**Entries provided**:
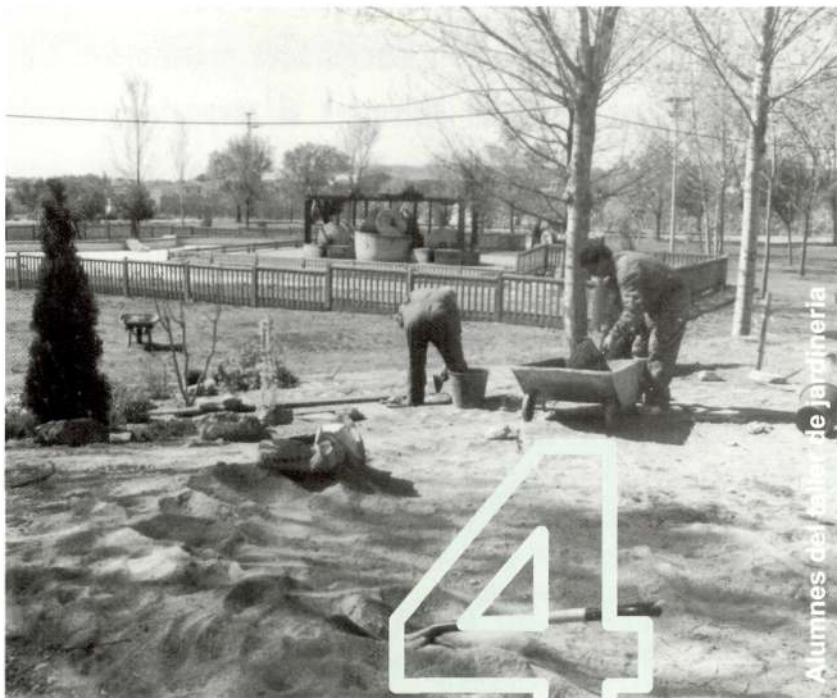
Alumnes del taller de jardineria
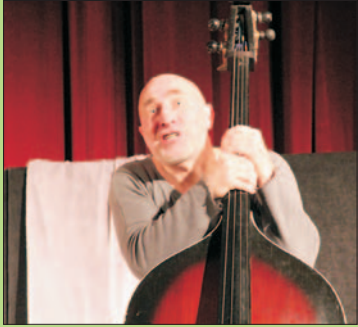
"Kontrabasista" - z Nowego Jorku do Chojnowa

NR 07 (878) ROK XXIV 14.04.2017 CENA 1,70 zł
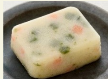
ほうれん草の 白和えムース
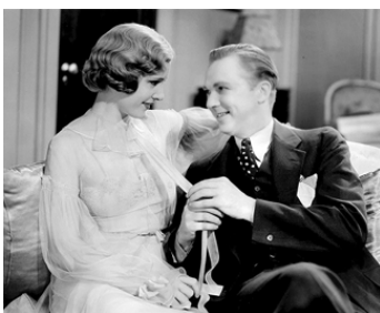
1933 THE NUISANCE de Jack Conway avec Lee Tracy
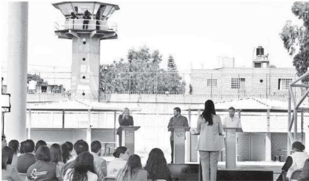
Así se realizó el primer debate al interior de un reclusorio entre los líderes de los partidos capitalinos
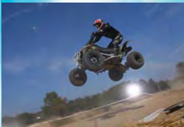
Mit dem Quad
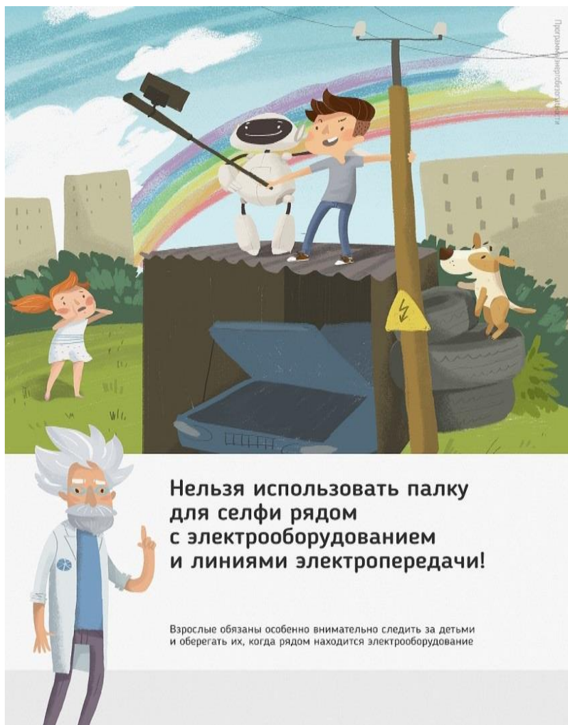
Рис 2. Нельзя использовать палку для селфи рядом с электрооборудованием и линиями электропередачи

Ну и, наконец, нужно повторить с ребенком алгоритм действий в экстремальной ситуации. Проверьте, умеет ли он набирать на сотовом телефоне телефон экстренных служб. Изучите с ним вещества и предметы, которые хорошо проводят электрический ток и потому особенно опасны, и, наоборот, вещества и предметы, плохо проводящие электрический ток и полезные в экстремальной ситуации.

**Task description**: Please print every record exactly, leaving out the pictures.

**Answer**:
Alumnes del taller de jardineria
"Kontrabasista" - z Nowego Jorku do Chojnowa

NR 07 (878) ROK XXIV 14.04.2017 CENA 1,70 zł
ほうれん草の 白和えムース
1933 THE NUISANCE de Jack Conway avec Lee Tracy
Así se realizó el primer debate al interior de un reclusorio entre los líderes de los partidos capitalinos
Mit dem Quad
Рис 2. Нельзя использовать палку для селфи рядом с электрооборудованием и линиями электропередачи

Ну и, наконец, нужно повторить с ребенком алгоритм действий в экстремальной ситуации. Проверьте, умеет ли он набирать на сотовом телефоне телефон экстренных служб. Изучите с ним вещества и предметы, которые хорошо проводят электрический ток и потому особенно опасны, и, наоборот, вещества и предметы, плохо проводящие электрический ток и полезные в экстремальной ситуации.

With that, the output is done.